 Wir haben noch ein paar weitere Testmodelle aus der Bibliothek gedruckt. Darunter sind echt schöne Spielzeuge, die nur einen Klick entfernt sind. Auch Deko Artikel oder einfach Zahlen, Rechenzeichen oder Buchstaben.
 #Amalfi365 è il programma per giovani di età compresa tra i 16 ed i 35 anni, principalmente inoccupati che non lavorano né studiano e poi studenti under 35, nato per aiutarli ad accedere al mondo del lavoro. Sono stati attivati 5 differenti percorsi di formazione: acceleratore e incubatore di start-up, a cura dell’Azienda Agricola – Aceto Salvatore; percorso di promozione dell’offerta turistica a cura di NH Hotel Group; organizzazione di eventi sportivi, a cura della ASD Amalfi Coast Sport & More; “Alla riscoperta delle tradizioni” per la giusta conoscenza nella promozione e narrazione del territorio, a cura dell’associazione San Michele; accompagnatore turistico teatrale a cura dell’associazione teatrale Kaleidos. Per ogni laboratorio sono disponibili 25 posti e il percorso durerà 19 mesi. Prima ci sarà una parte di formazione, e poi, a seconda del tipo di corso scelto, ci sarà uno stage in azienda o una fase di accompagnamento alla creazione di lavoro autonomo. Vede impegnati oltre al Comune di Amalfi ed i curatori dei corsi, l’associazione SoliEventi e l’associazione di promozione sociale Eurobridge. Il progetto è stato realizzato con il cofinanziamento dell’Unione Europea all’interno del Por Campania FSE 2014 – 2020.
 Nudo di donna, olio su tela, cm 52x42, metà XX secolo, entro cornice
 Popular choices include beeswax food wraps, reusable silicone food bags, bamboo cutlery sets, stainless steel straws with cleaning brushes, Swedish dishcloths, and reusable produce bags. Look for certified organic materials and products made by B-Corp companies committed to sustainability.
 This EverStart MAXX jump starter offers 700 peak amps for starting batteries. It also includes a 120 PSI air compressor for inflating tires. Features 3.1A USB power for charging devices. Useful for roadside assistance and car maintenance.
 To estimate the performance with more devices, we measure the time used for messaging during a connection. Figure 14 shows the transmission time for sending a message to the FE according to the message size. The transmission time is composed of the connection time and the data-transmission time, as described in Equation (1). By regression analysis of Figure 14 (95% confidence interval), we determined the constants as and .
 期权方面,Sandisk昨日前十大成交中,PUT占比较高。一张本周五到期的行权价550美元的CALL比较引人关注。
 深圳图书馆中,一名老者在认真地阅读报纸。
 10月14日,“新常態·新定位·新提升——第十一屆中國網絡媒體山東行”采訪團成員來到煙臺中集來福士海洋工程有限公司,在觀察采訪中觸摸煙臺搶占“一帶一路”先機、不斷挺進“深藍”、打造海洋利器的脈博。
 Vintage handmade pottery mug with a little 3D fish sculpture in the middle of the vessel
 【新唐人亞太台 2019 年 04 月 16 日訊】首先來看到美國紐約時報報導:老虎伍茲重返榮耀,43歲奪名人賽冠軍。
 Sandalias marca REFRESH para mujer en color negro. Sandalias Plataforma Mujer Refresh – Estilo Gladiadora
::::::::
[PROBLEM STATEMENT]: What is needed is an exact copy of the lines from the start of the listing through the line where "This EverStart MAXX" sits, please, both end lines included and nothing more.

[TASK ANSWER]:
 Wir haben noch ein paar weitere Testmodelle aus der Bibliothek gedruckt. Darunter sind echt schöne Spielzeuge, die nur einen Klick entfernt sind. Auch Deko Artikel oder einfach Zahlen, Rechenzeichen oder Buchstaben.
 #Amalfi365 è il programma per giovani di età compresa tra i 16 ed i 35 anni, principalmente inoccupati che non lavorano né studiano e poi studenti under 35, nato per aiutarli ad accedere al mondo del lavoro. Sono stati attivati 5 differenti percorsi di formazione: acceleratore e incubatore di start-up, a cura dell’Azienda Agricola – Aceto Salvatore; percorso di promozione dell’offerta turistica a cura di NH Hotel Group; organizzazione di eventi sportivi, a cura della ASD Amalfi Coast Sport & More; “Alla riscoperta delle tradizioni” per la giusta conoscenza nella promozione e narrazione del territorio, a cura dell’associazione San Michele; accompagnatore turistico teatrale a cura dell’associazione teatrale Kaleidos. Per ogni laboratorio sono disponibili 25 posti e il percorso durerà 19 mesi. Prima ci sarà una parte di formazione, e poi, a seconda del tipo di corso scelto, ci sarà uno stage in azienda o una fase di accompagnamento alla creazione di lavoro autonomo. Vede impegnati oltre al Comune di Amalfi ed i curatori dei corsi, l’associazione SoliEventi e l’associazione di promozione sociale Eurobridge. Il progetto è stato realizzato con il cofinanziamento dell’Unione Europea all’interno del Por Campania FSE 2014 – 2020.
 Nudo di donna, olio su tela, cm 52x42, metà XX secolo, entro cornice
 Popular choices include beeswax food wraps, reusable silicone food bags, bamboo cutlery sets, stainless steel straws with cleaning brushes, Swedish dishcloths, and reusable produce bags. Look for certified organic materials and products made by B-Corp companies committed to sustainability.
 This EverStart MAXX jump starter offers 700 peak amps for starting batteries. It also includes a 120 PSI air compressor for inflating tires. Features 3.1A USB power for charging devices. Useful for roadside assistance and car maintenance.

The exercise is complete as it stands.